There are $n$ people on the number line; the $i$-th person is at point $a_i$ and wants to go to point $b_i$. For each person, $a_i < b_i$, and the starting and ending points of all people are distinct. (That is, all of the $2n$ numbers $a_1, a_2, \dots, a_n, b_1, b_2, \dots, b_n$ are distinct.)

All the people will start moving simultaneously at a speed of $1$ unit per second until they reach their final point $b_i$. When two people meet at the same point, they will greet each other once. How many greetings will there be?

Note that a person can still greet other people even if they have reached their final point.

The first line of the input contains a single integer $t$ ($1 \le t \le 10^4$) — the number of test cases.
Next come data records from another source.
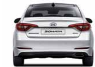
윤거 후 1,604
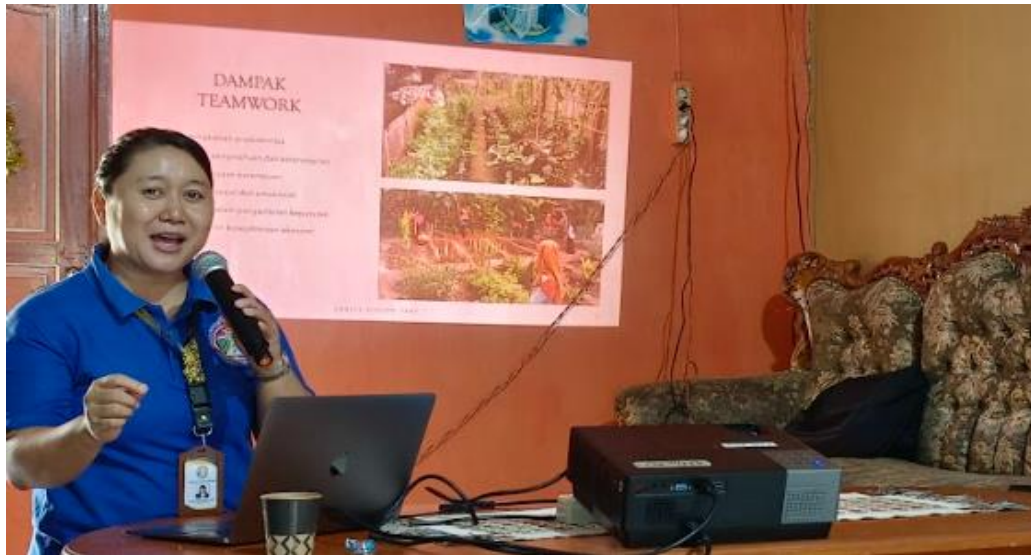
Gambar 1 Pemberian Materi Mengenai Teamwork

banyak peserta sekaligus dan lebih efisien. Melalui metode ceramah maka peserta mampu memahami dengan lebih baik tujuan dan manfaat Kerja sama di dalam tim khususnya dalam pengelolaan kebun kelompok.
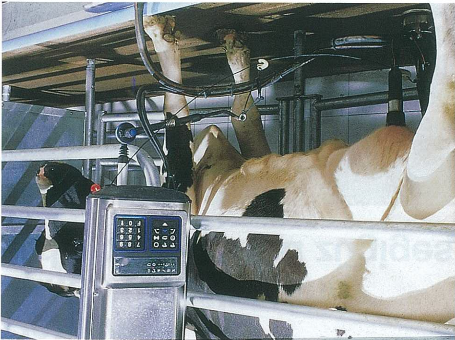
Das bietet nur Tandem: Die ganze Kuh im Blick.
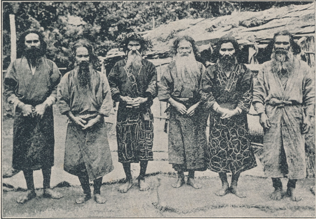
The picture, Aino Congregation.
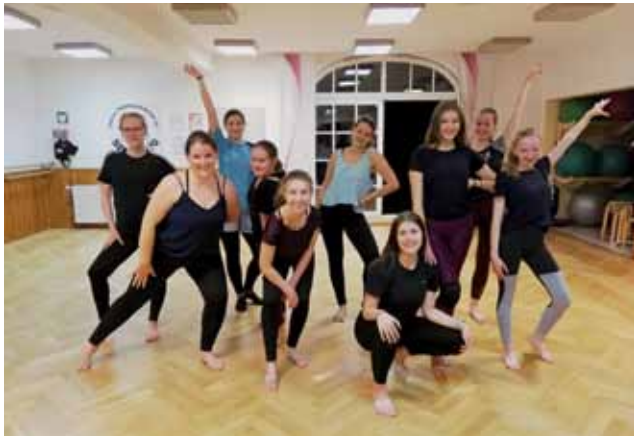
J-Dato stellt sich schon mal in Pose.

Die neue Gruppe kreativer Kindertanz für 4- bis 5-jährige Tanzanfänger ist sehr gut angelaufen. Wir nehmen aber gerne noch neue Tänzer auf. Trainiert wird Montags von 16.15 Uhr bis 17.00 Uhr. Plätze frei sind auch in der Gruppe der Grundschulkinder von 6–9 Jahre am Dienstag von 17.00–17.45 Uhr und bei den 5- bis 6-Jährigen am Mittwoch von 17.00–17.45 Uhr.
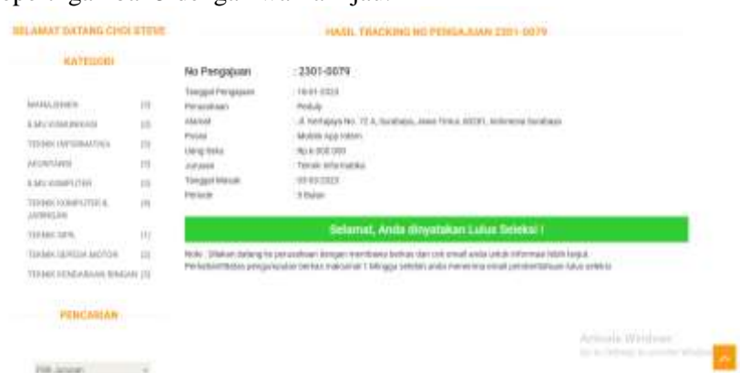
Gambar 5. Magang Disetujui

Pelamar dapat melakukan tracking atau pelacakan status pengajuan magang yang pernah diajukan dengan memasukkan nomor pengajuan magang pada menu tracking kemudian klik tombol tracking untuk menampilkan hasil tracking . Jika pengajuan magang disetujui akan ditampilkan seperti gambar seperti gambar 5 dengan warna hijau.
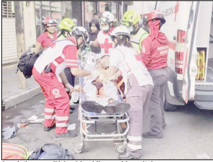
La víctima perdió la vida al llegar al hospital.

Una fuente allegada a las investigaciones señaló que a las
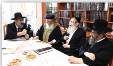
ישיבת הערמת של רבני אוצר ב"ד
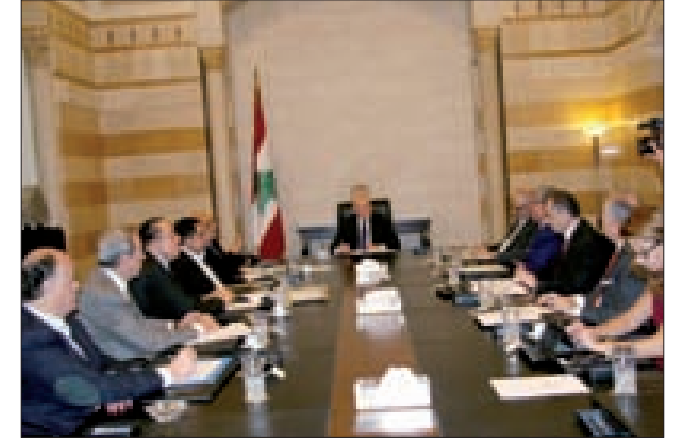
خلال الاجتماع في السراي

رأس رئيس الحكومة تمام سلام صباح أمس في السراي الحكومية، اجتماعاً للجنة معالجة النفايات الصلبة في حضور كامل أعضائها. وأشار وزير البيئة محمد المشوق بعد اللقاء إلى أنّ «اللجنة ناقشت التصورات في شكلها النهائي الموضوعة لمعالجة النفايات الصلبة، التي من المفترض أن تقدم إلى مجلس الوزراء في الجلسة المقبلة». وأضاف: «هناك تصورات مكملة، ودخلنا أيضاً في بعض التفاصيل إن لجهة دفاقر الشروط أو المناطق، وتكونت صورة واضحة لدى الجميع بما فيها المبادئ، بمعنى كيفية إنهاء هذه الأزمة وتحويلها إلى طاقة».
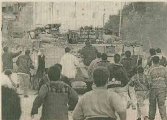
Την απόφασή τους να συνεχίσουν τον αγώνα μέχρι τη δικαιοσύνη, δηλώνουν οι Παλαιστίνιοι νεολαίοι

Ε ίμαστε αλληλέγγυοι με τον αγώνα των Παλαιστίνιων, γιατί είναι ένας αγώνας δικαίος. Ένας αγώνας για το δικαίωμα ενός λαού να έχει δική του πατρίδα.
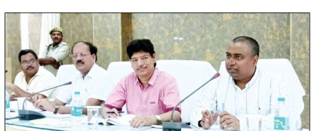
समीक्षा करते जिलाधिकारी

सभी अधिकारियों को प्रतिदिन 10 बजे से 11 बजे तक जनता दर्शन कर आमजन की समस्याओं को निस्तारित करने के निर्देश
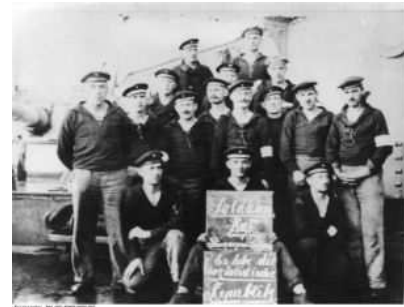
Soldatenrat des Linienschiffs Prinzregent Luitpold

Ein großer Teil der Marinegebäude ist auch heute noch nahezu unverändert vorhanden. Besonders fällt die Petruskirche, die ehemalige Garnisonskirche, ins Auge.
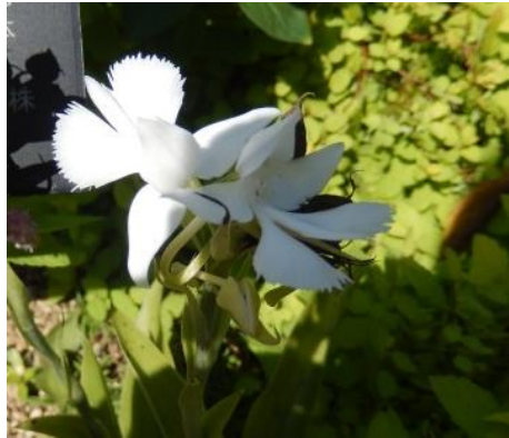
ダイサギソウ（ラン科）
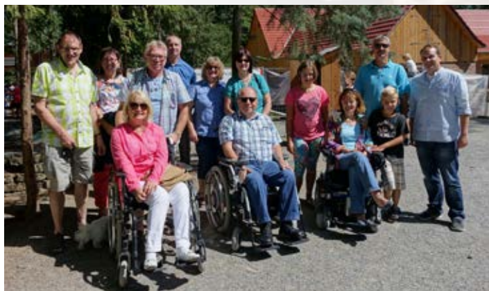
Der Verein organisiert auch Führungen.

The description of test cases follows.

The first line of each test case contains a single integer $n$ ($1 \le n \le 2 \cdot 10^5$) — the number of people.

Then $n$ lines follow, the $i$-th of which contains two integers $a_i$ and $b_i$ ($-10^9 \leq a_i < b_i \leq 10^9$) — the starting and ending positions of each person.

For each test case, all of the $2n$ numbers $a_1, a_2, \dots, a_n, b_1, b_2, \dots, b_n$ are distinct.

The sum of $n$ over all test cases does not exceed $2 \cdot 10^5$.

For each test case, output a single integer denoting the number of greetings that will happen.